Eclectic Dreck said:
Sonic Doctor said:
The government asks people to pay into the charity but they don't half to. The people that do pay into the charity get special tax incentives. Example: If a person gives 100 dollars to the government healthcare charity, that person gets 120 dollars taken off their federal taxes when tax time comes around.
Your logic here doesn't work at ALL. If I give 100 bucks to the charity then I do
not have to pay 120 dollars in taxes. The budget is
not going to be reduced accordingly. All I have done is, in effect, transfer that tax burden to someone else. Not only that but I am essentially using it to
print money. If I were an incredibly wealthy person, I could simply pay into this charity and receive what amounts to an
enormous cut in taxes.
I see nothing wrong with that; it will also help not as well off families with a way to cut their tax burden. But one thing that the tax incentives won't do is allow people turn it around so that the government owes them money. So rich person can only pay into the health charity if they want, but the incentives will only be able to take their tax balance zero. Though if that doesn't work, the incentives will have a cap, like they only go up to thousand dollar tax write off, if the payer's taxes are more than a thousand dollars, if not then their write off cap is less.
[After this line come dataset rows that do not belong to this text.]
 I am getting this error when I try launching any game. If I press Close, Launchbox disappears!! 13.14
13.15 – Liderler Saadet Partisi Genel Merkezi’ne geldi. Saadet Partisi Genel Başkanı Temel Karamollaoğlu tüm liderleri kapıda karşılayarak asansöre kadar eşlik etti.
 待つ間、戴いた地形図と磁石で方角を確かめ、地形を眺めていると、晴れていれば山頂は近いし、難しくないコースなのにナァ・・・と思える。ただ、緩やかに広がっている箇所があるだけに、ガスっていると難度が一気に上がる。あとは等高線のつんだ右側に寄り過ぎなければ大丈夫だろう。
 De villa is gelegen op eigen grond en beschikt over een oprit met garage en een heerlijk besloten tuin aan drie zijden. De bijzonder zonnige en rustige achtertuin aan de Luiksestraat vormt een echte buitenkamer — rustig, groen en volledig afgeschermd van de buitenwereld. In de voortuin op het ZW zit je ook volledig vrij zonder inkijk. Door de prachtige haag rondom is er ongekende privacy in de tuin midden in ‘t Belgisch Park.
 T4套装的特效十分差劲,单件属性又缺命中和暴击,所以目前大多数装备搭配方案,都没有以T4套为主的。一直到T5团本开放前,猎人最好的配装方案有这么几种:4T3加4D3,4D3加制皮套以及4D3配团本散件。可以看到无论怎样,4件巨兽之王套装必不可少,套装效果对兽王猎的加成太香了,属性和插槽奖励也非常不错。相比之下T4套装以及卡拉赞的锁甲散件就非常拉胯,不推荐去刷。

Cutting taxes isn't such a bad idea, if it gets too bad, then it will force the government to look at the budget and take out the obviously unneeded pork barrel projects.
Eclectic Dreck said:
Sonic Doctor said:
You wanted to know what Americans have against Socialist healthcare, that is my view on the situation as an American. Americans don't want to be forced to do things, especially if it means they lose the money they earn and nothing comes to them for forking that money over.
The problem with appending the word "socialist" to things is simply that it is a transparent attempt to vilify any project or institution without giving said project or institution a proper chance in the realm of public opinion. The nation is already host to hundreds of billions of dollars worth of programs that are easily socialist in nature. Where is the mass protest of public schooling? Where are the rallies calling for an end to social security and medicare? Why do we not march in the streets in protest of food stamps and welfare programs? Between these things we're looking at hundreds of
billions of dollars spent each and every year and yet most of us receive no direct benefit from their existence.
Could it be that the
indirect benefits are, in many cases, seen as an acceptable tradeoff, or has this just somehow slipped under the radar?
Public schooling: I don't protest because I used it and my future kids will use it.
Social Security: I didn't point it out but I'm not to keen on it. I have had an easy way to do away with it for awhile now. We set a cut off date with allotted funding for a certain age group and up.
This plan will obviously not allow for the government healthcare charity I talk about but with the extra money people will be seeing there isn't a problem:
When the social security cut off is made, we also implement the Fair Tax. This effectively will do away with the IRS, because all taxes will be collected though higher sales taxes on nonessential goods. The sales tax would go up to 20 to 25%. Things like food and other necessities won't be taxed.
With this plan, no money will be taken out of people's pay checks, people will see their whole paycheck. The people will be the ones that determine what the government gets in tax money by way of what they spend their extra money on, on things like, video games, televisions, movies, toys, cars, etc, etc. This will be a proper kind of forcing, the only thing like it that needs to be done. It will force people to be responsible for their own lives. They have to create budgets to pay for the necessities and see if they have money leftover that they can use on wants. People will have to make their own choices about what they save for retirement.
Welfare and such: Don't agree with it, it definitely isn't run properly. On the such part, a friend of mine's uncle got laid off and his unemployment was paying him more than he got each time with his paycheck, that shouldn't happen. I might talk more about this later.